– Да, кстати, я еще возьму маленький «браунинг», так называемый дамский.
– К чему он вам? Сомневаюсь, что от этой модели будет толк на фронте, – искренне удивился Василий Григорьевич.
– Ну, это как бы оружие последнего шанса. Мне бы к нему еще подвеску, так чтобы можно было носить в рукаве.
– А-а, кажется, понимаю. Знаком с таким ношением и даже знаю, кто подобное может изготовить. Но… На фронте.
– Война войне рознь, Василий Григорьевич.
– Хм. Ну что же, пожалуй, вы правы, – вдруг вспомнив о довольно странном заказе для фронтовика, который он сам же и выполнил, согласился лавочник.
Оговорили цену, и Шестаков заверил, что через несколько дней прибудет с деньгами и людьми, чтобы забрать все это богатство. Ну вот, пожалуй, и все, пора уходить. Признаться, он переживал, что что-то может не получиться. Нет, с переделкой лож и установкой прицелов никаких трудностей не должно было возникнуть. Разве только цена будет выше, но это ожидаемо, и уж тем более, когда прицелы самые настоящие цейсовские.

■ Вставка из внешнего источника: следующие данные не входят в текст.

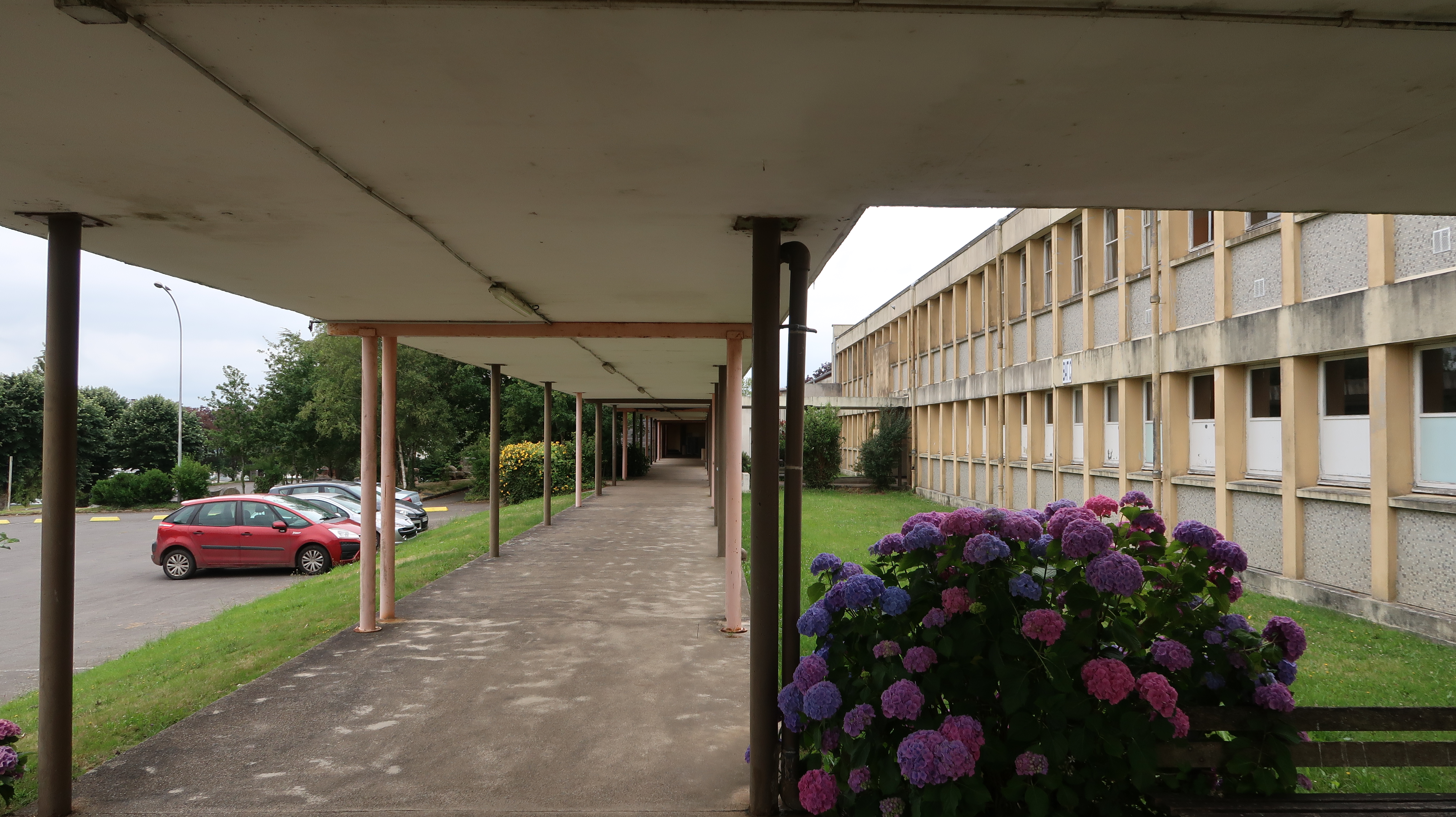 Galerie couverte et façade sud des ateliers. Péron et Weisbein, architectes, 1967-1968.Immatriculation
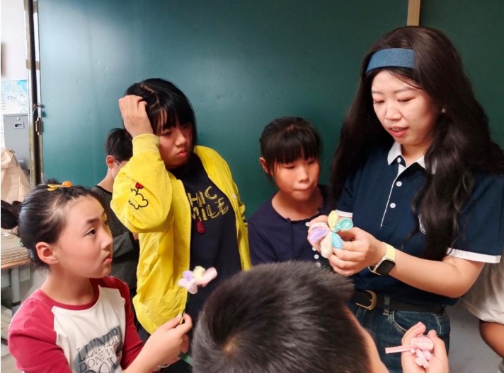 刘畅老师与孩子们一起制作的“扭扭棒七色花”则充满童趣,扭扭棒在指尖缠绕,绽放出一束束象征希望的彩色花朵,让孩子们在动手实践中收获创造的快乐。
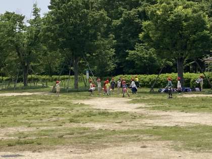 芝生広場では、グループで楽しく遊んでいます。
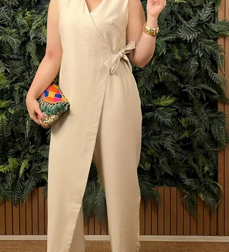 KAELANI – SALOPETĂ CASUAL FEMININĂ CU DECOLTEU ÎN V ȘI SERTĂRE

Вот такой парадокс. Вроде бы и война, и в то же время вот она, немецкая работа. Конечно, это скорее всего довоенные запасы. Сомнительно, чтобы германцы позволили военной продукции уходить налево. Да и не нужно это производителям. Тут только успевай выполнять госзаказы. Так что зарабатывать себе геморрой никто не станет.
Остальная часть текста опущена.